Static policy is the kind of policy that is built up through regulations and business agreements (DURSA). Static policy is the kind of thing that is normally seen as security policy, but sometimes business rules engines enforce some of these policies. I refer to these as ‘static’ because they don’t change often. They can include dynamic shifts in the context that have different results, for example break-glass. Static policy is not to be confused with unchanging policy. The main point of static policy is that these are the defaults when there is no patient policy or transactional policy. The static policies are generally the kinds of Role-Based-Access-Control rules. That explain (over simplified) which users have which roles that have which permissions and which permissions authorize access to which type-of-data. Where type-of-data can be tied to an object-type, table-row, table-column, etc or it can be a confidentialityCode value. In this way a user is authorized through their roles to have access or NOT to specific confidentialityCodes. So Dr Bob has access to NORMAL data but not Restricted. The static policies do need to explain how patient policy and transactional policy will be handled.
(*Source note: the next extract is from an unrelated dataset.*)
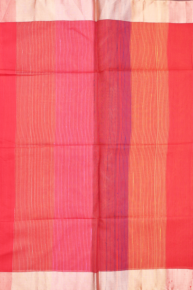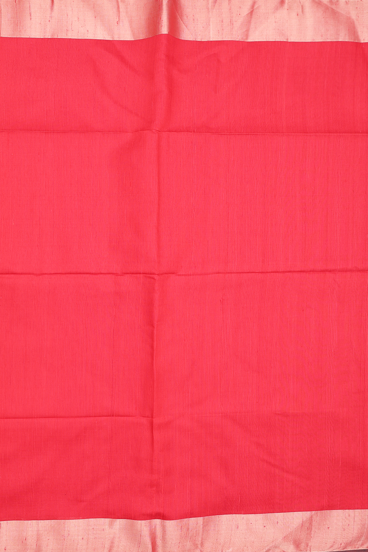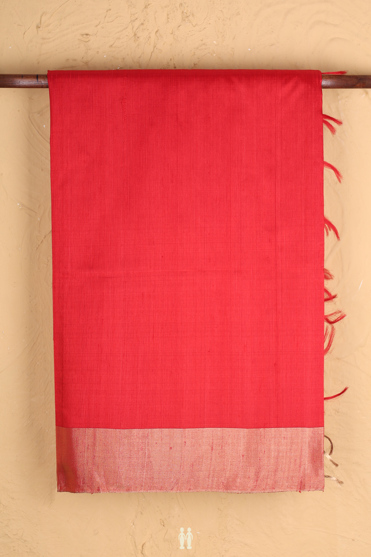 Raw Silk Saree In Plain Scarlet Red With Bavanchi Border

Patient policy is the kind of patient specific requests and/or agreements commonly spoken of as consents, this is where most of the standards work is right now. A Patient policy applies to all data that is specific to that patient. By corollary a patient policy does not apply to data not specific to that patient, so it doesn’t apply to other patients data or generalized business data or de-identified data. A Patient policy can be just as complex as a Static policy, it is just specific to that patient. A Patient policy needs to explain how it interacts with the static policies and transactional policies. A Patient policy needs to explain what exceptions are allowed as well, for example a patient policy should explain if the patient allows a break-glass exception. A specific example is in Australia where a patient opt-out is non-overrideable, there is no break-glass. Patient policy is also where specific authorizations occur, such as identifying a guardian; and where specific denials are as well, such as estranged spouse.
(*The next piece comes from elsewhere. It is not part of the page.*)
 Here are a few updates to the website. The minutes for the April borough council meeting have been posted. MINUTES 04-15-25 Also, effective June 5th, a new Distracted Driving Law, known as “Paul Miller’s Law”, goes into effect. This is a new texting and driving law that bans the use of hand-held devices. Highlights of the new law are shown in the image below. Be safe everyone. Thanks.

Policy hopping (my term): In simple form this is what the DURSA provides and what NHIN Direct relies on. It says that once a document source decides to release documents to a document consumer, that they are fully trusting the document consumer to do the right thing. The document source must make sure that they have the right things in place to release the document, but once it is released they have no further control over the document. If the sender is not comfortable with this, then they simply should not send the document. The document consumer is given no specific authorization or restrictions in the transaction; there might have been some out-of-band ‘transactional’ agreements but they are unknown to the transport. The document consumer must do what is right in their context, if their context (State rules) require them to get a consent before viewing the documents then this is what they need to do. In the NHIN the consent that the document source has for their purposes is not transferred to the document consumer. There might be a consent that controls the ‘discoverability’ and ‘releaseability’ of the documents, but it does not authorize the document consumer beyond that.
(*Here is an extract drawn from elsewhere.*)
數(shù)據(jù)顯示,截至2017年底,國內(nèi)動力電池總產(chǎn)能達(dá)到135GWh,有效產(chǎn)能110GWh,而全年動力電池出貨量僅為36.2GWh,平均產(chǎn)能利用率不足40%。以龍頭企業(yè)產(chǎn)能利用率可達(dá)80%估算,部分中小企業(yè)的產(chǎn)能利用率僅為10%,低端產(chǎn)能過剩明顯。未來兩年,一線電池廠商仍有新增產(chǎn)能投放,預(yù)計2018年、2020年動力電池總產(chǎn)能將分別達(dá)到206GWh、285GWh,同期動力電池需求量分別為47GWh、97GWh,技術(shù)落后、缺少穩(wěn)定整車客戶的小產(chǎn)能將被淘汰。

It is not well known that in the NHIN Exchange under XCA, and regional Health Information Exchanges using XDS; that the document does stay in the control of the sourcing ‘organization’. Specifically with XDS the Document Repository holds the document until the document consumer pulls it. This Document Repository actor can be fully managed by the sourcing organization and thus an access control decision can be made at the time that a document consumer pulls the document. It is true that a Document Repository can be shared among sourcing organizations, and that a Document Repository is not compelled to make access control decisions. But the Architecture supports fully distributed and federated control. Specifically with NHIN-Exchange (XCA) the document retrieval does have access control checks that would deny access if the access requested was incomplete or inappropriate. There are HIE architectures where the data is centralized and thus the document source loses control as soon as they publish.
The use-case given above is specifically looking for a transactional policy, that is a way to communicate the policy that applies to the content of the transaction. There is so much work that needs to be completed before we can describe the policy in enough detail to place it on a transaction. This is not to say that there is nothing close, the current consent standards (BPPC, and the soon to be final HL7 CDA Consent) can be delivered over transactions. But these are very coarse policies, nothing that would really be the kind of detail expressed on a transaction by transaction basis. A Transactional policy really needs to be more associated with the transaction itself, rather than as a component of the content. Transactional policies are not being worked on in healthcare specific space, but there is much work going on in general IT. I am involved in some of these non-healthcare standards organizations and hope that they will converge.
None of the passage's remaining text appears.